(Dataset content):
______

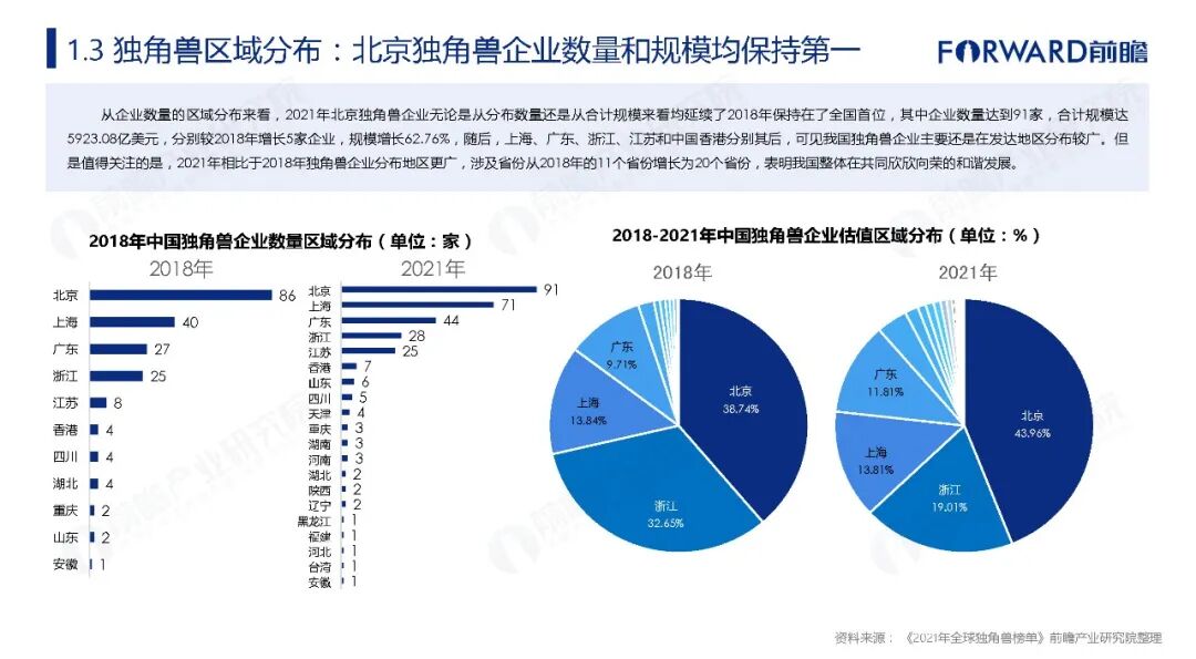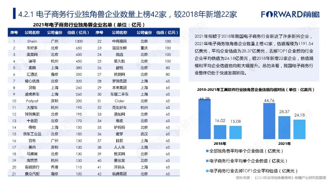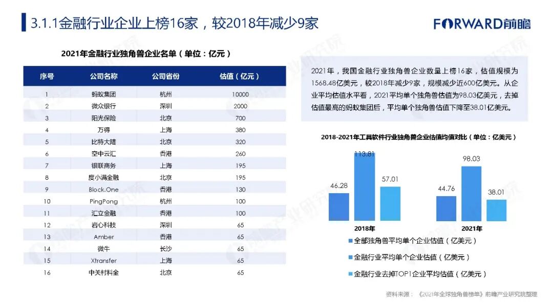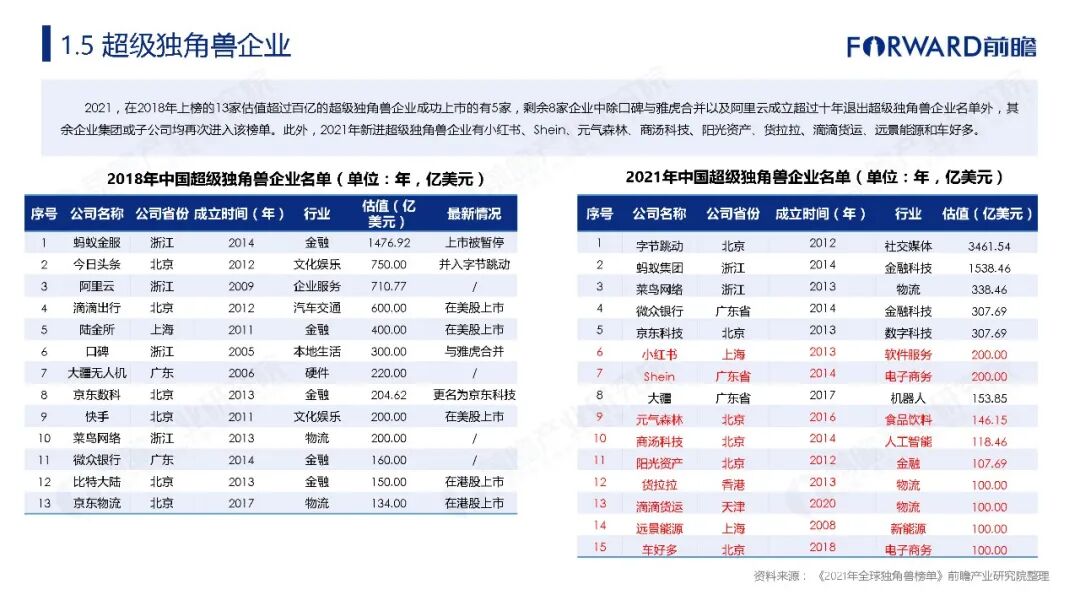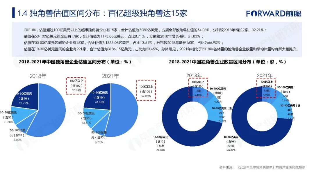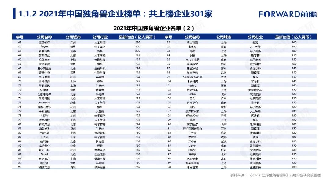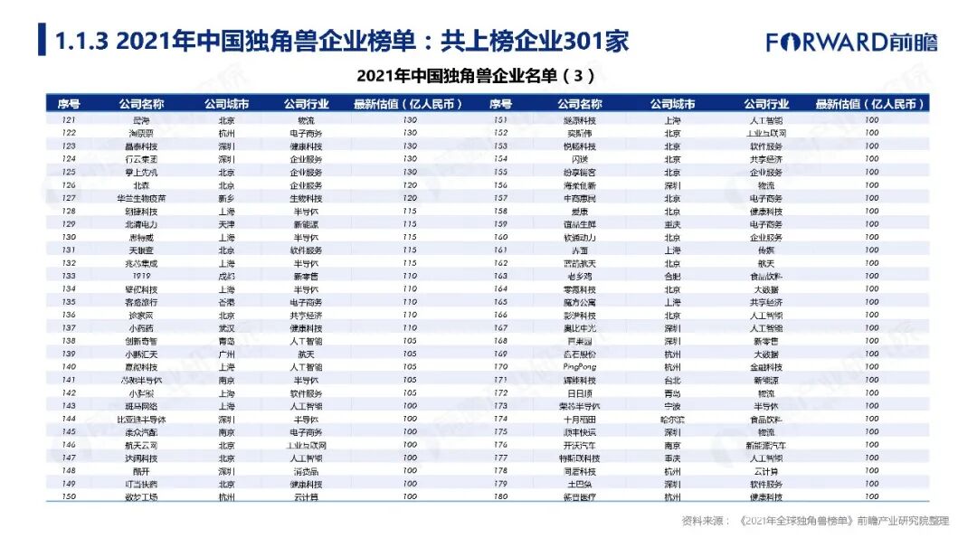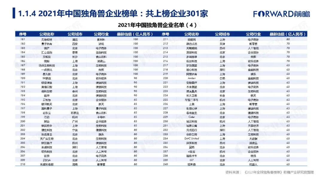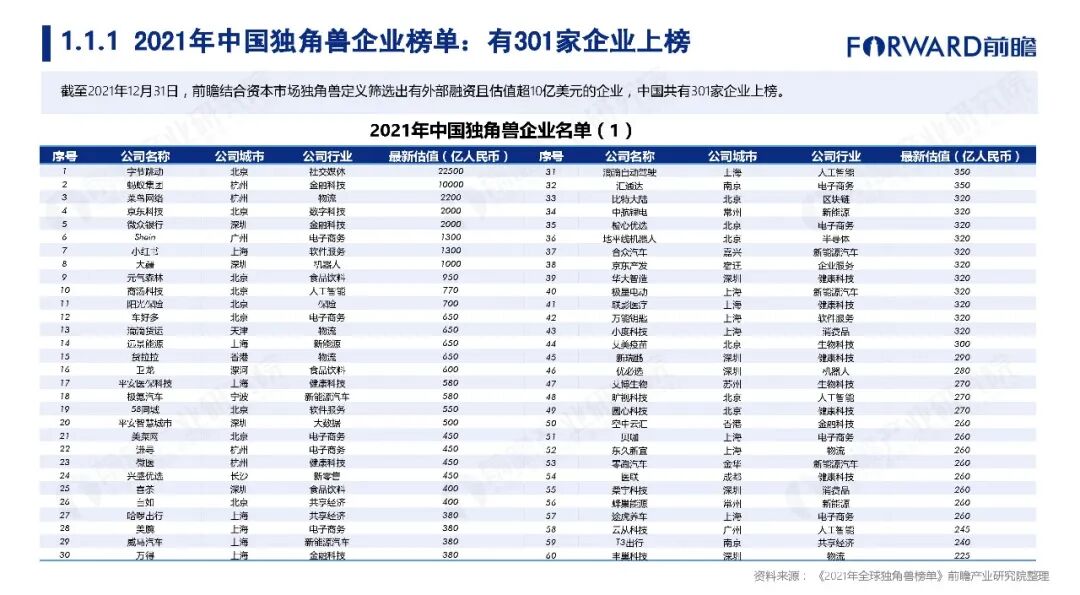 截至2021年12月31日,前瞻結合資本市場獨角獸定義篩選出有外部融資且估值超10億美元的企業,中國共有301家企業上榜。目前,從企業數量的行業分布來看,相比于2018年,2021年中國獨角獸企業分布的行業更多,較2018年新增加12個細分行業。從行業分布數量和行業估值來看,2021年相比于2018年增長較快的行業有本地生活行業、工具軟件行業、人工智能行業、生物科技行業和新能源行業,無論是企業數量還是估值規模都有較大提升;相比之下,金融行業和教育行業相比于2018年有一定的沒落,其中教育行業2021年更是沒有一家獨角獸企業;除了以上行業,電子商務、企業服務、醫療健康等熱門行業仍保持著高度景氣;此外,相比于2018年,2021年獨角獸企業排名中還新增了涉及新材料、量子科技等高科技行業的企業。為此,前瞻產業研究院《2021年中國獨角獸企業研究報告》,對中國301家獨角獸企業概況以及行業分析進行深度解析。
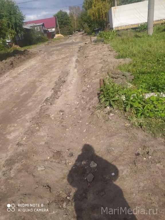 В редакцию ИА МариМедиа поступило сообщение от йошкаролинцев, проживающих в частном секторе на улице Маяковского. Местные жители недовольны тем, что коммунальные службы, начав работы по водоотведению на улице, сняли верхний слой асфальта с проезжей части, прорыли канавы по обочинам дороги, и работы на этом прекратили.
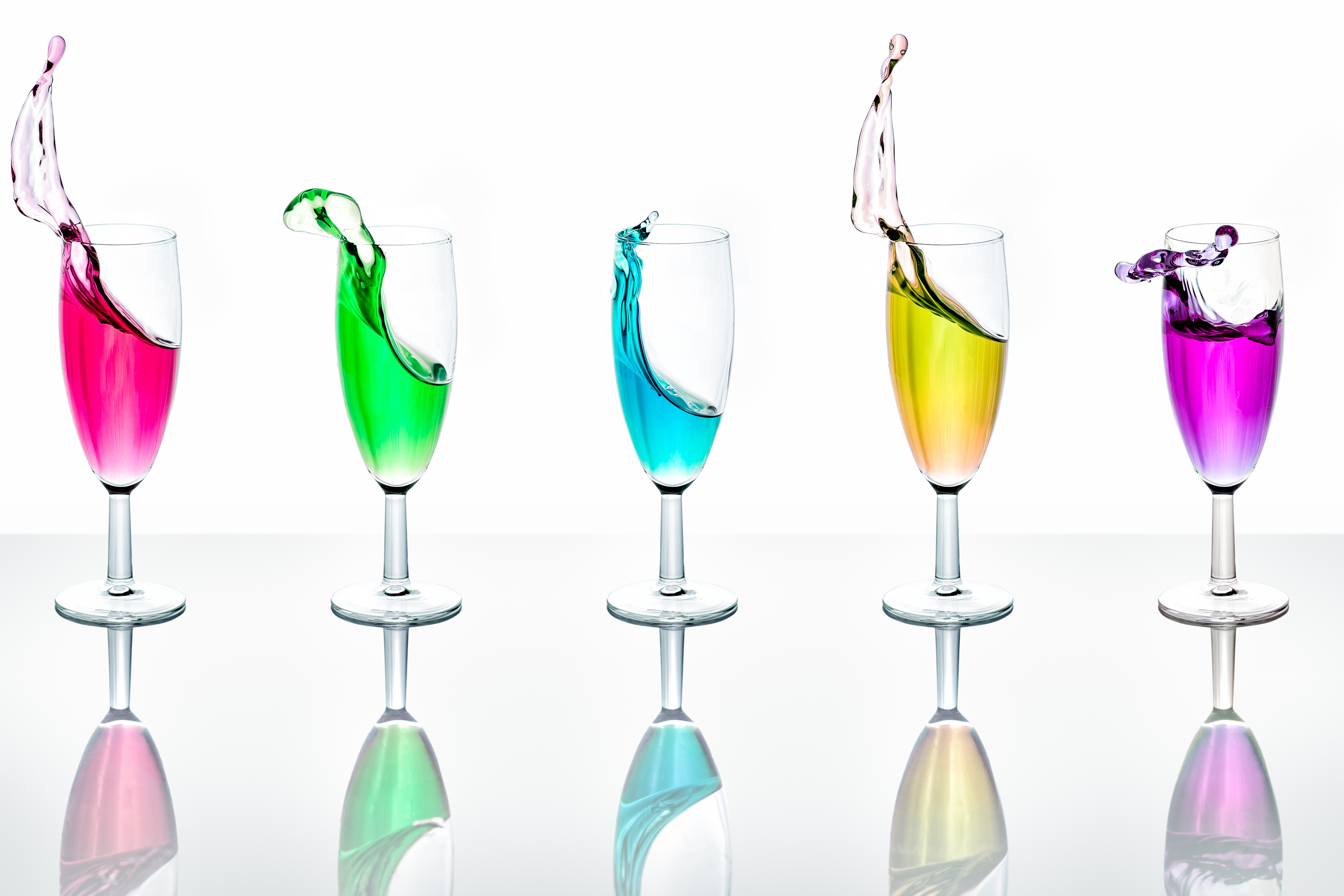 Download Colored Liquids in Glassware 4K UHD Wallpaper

______

Retype each line of the listing above word for word. Exclude the pictures.

 截至2021年12月31日,前瞻結合資本市場獨角獸定義篩選出有外部融資且估值超10億美元的企業,中國共有301家企業上榜。目前,從企業數量的行業分布來看,相比于2018年,2021年中國獨角獸企業分布的行業更多,較2018年新增加12個細分行業。從行業分布數量和行業估值來看,2021年相比于2018年增長較快的行業有本地生活行業、工具軟件行業、人工智能行業、生物科技行業和新能源行業,無論是企業數量還是估值規模都有較大提升;相比之下,金融行業和教育行業相比于2018年有一定的沒落,其中教育行業2021年更是沒有一家獨角獸企業;除了以上行業,電子商務、企業服務、醫療健康等熱門行業仍保持著高度景氣;此外,相比于2018年,2021年獨角獸企業排名中還新增了涉及新材料、量子科技等高科技行業的企業。為此,前瞻產業研究院《2021年中國獨角獸企業研究報告》,對中國301家獨角獸企業概況以及行業分析進行深度解析。
 В редакцию ИА МариМедиа поступило сообщение от йошкаролинцев, проживающих в частном секторе на улице Маяковского. Местные жители недовольны тем, что коммунальные службы, начав работы по водоотведению на улице, сняли верхний слой асфальта с проезжей части, прорыли канавы по обочинам дороги, и работы на этом прекратили.
 Download Colored Liquids in Glassware 4K UHD Wallpaper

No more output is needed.